» Supplied data:
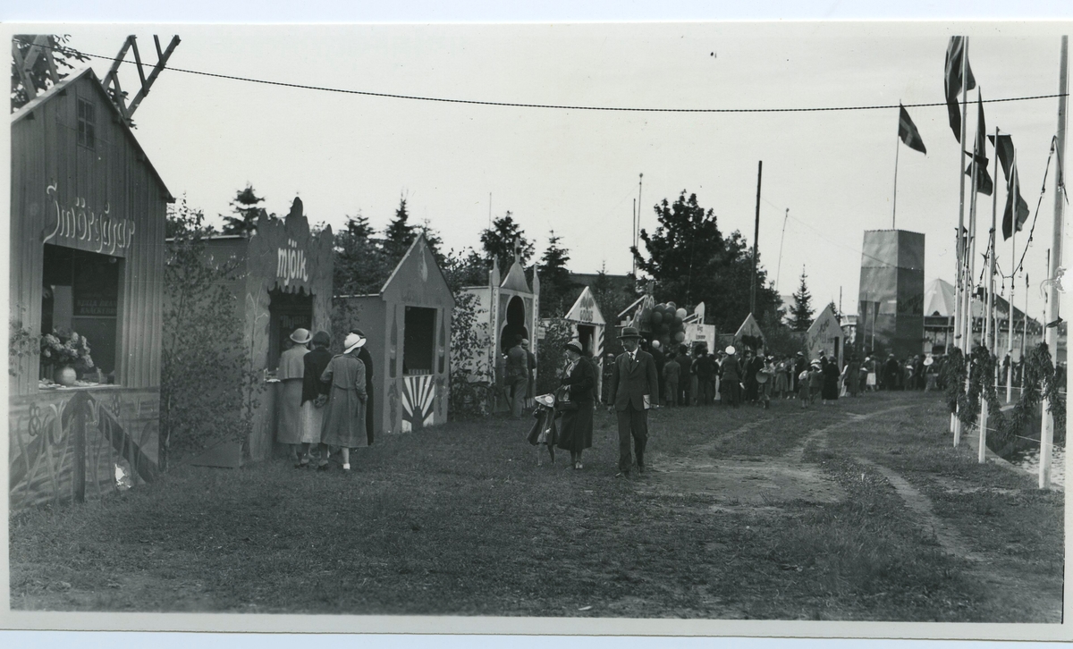 Firande av Barnens Dag i Kalmar 1935. Marknadsstånd, försäljning av mjölk, smörgåsar med mera.
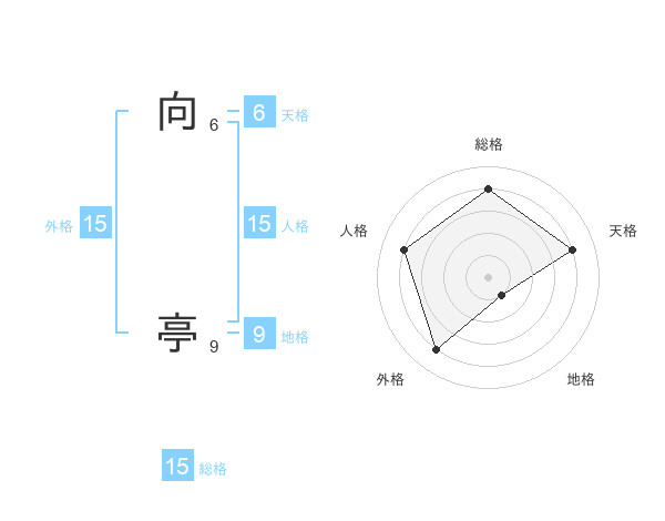 向 亭さんの総格は15画の4点!
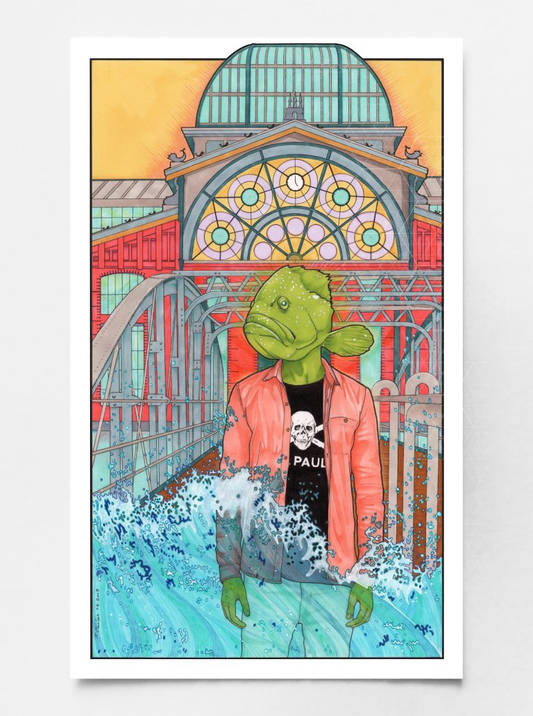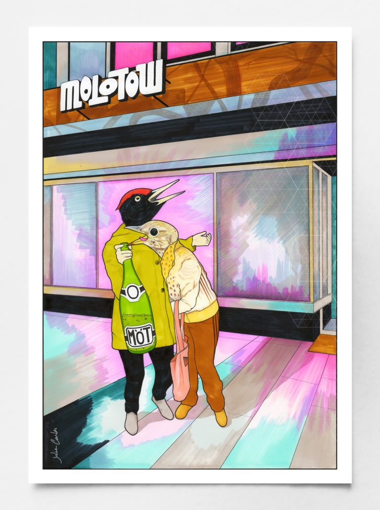 Illustrationsserie über Hamburg: Metaphern in Tiergestalt an bekannten Orten in Hamburg, wie der Speicherstadt, dem Fischmarkt, den Clubs Molotov und Goldenpuddelclub. Realisiert mit Alkoholstiften, Tinte und Buntstiften auf Papier.
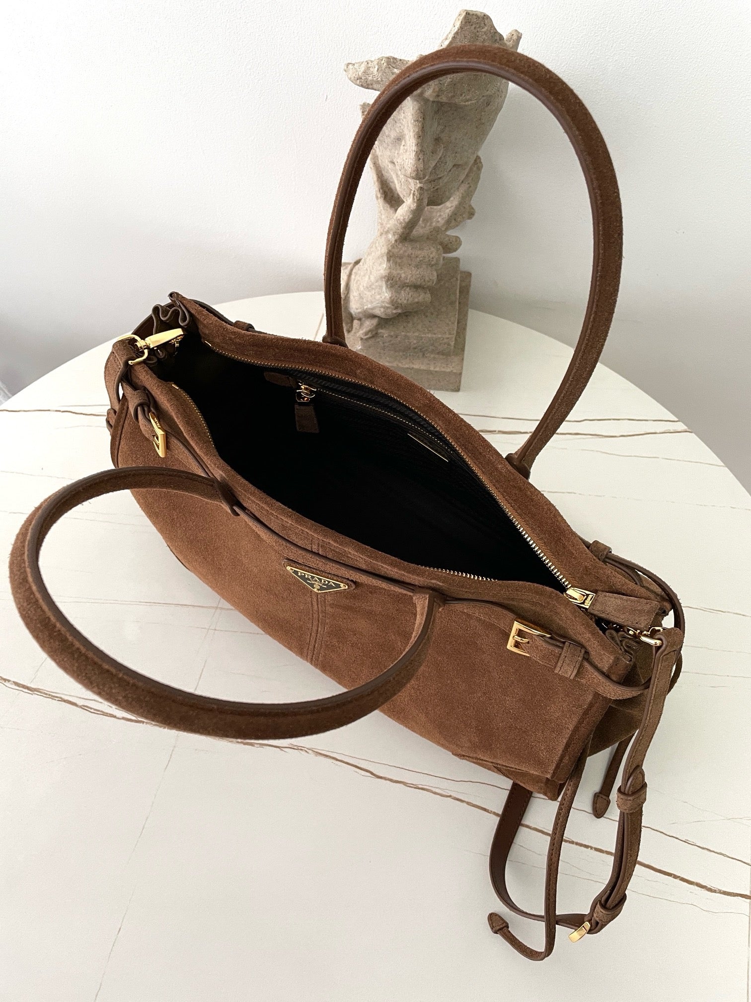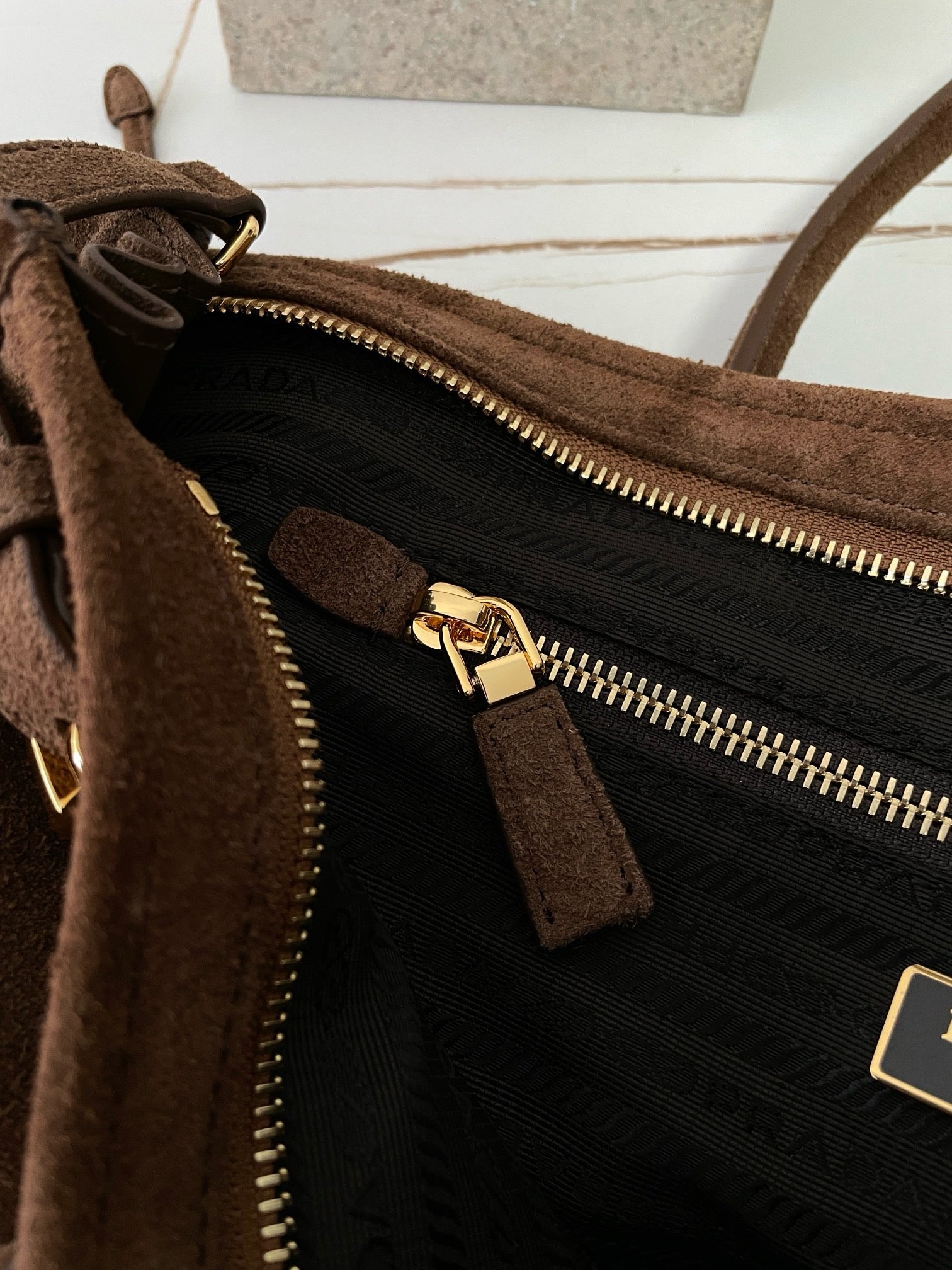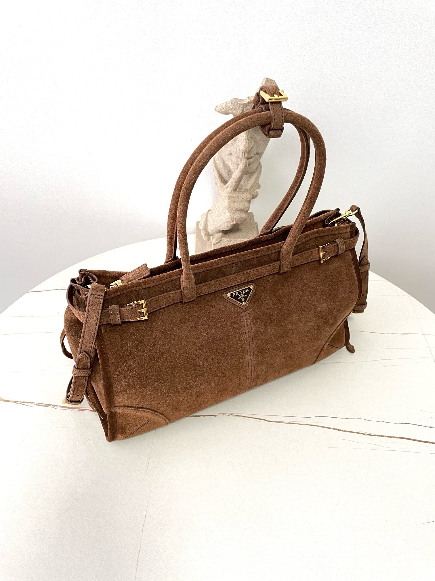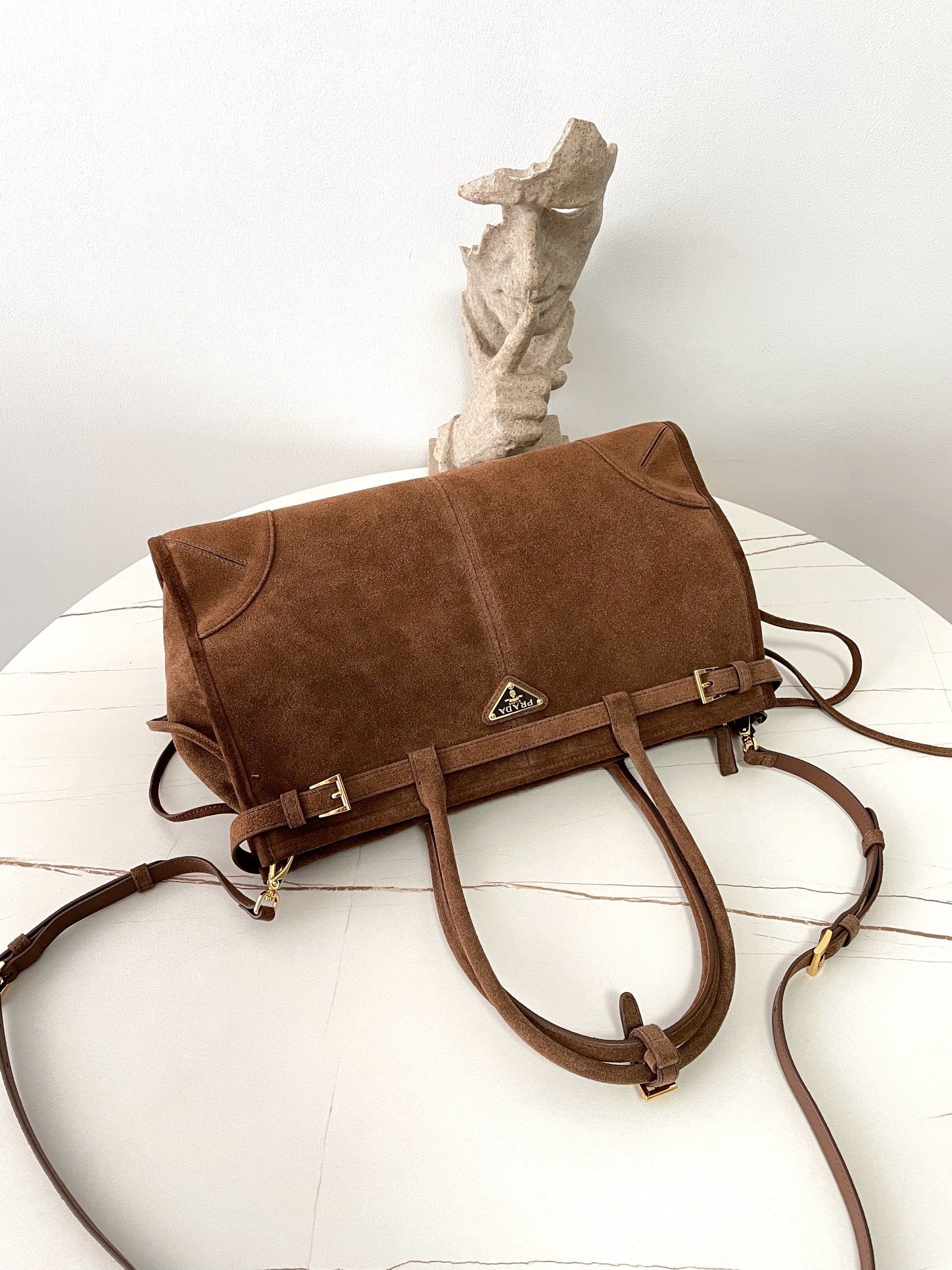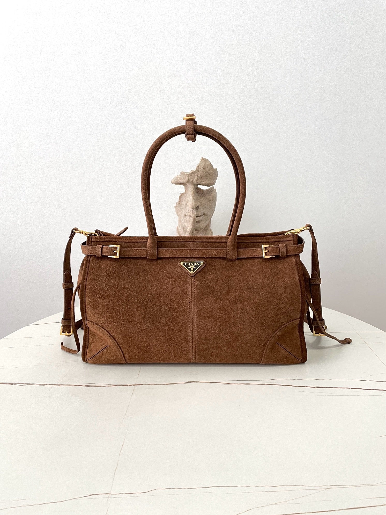 프라다 보니 라지 스웨이드 핸드백(Prada Boni Large Suede Handbag) - 따뜻하고 세련된 텍스처의 조화

» To do: With the pictures omitted, write out exactly the lines from the one that contains "Illustrationsserie über Hamburg: Metaphern" through the final line of the material above, both ends included.

» Answer to this exercise:
 Illustrationsserie über Hamburg: Metaphern in Tiergestalt an bekannten Orten in Hamburg, wie der Speicherstadt, dem Fischmarkt, den Clubs Molotov und Goldenpuddelclub. Realisiert mit Alkoholstiften, Tinte und Buntstiften auf Papier.
 프라다 보니 라지 스웨이드 핸드백(Prada Boni Large Suede Handbag) - 따뜻하고 세련된 텍스처의 조화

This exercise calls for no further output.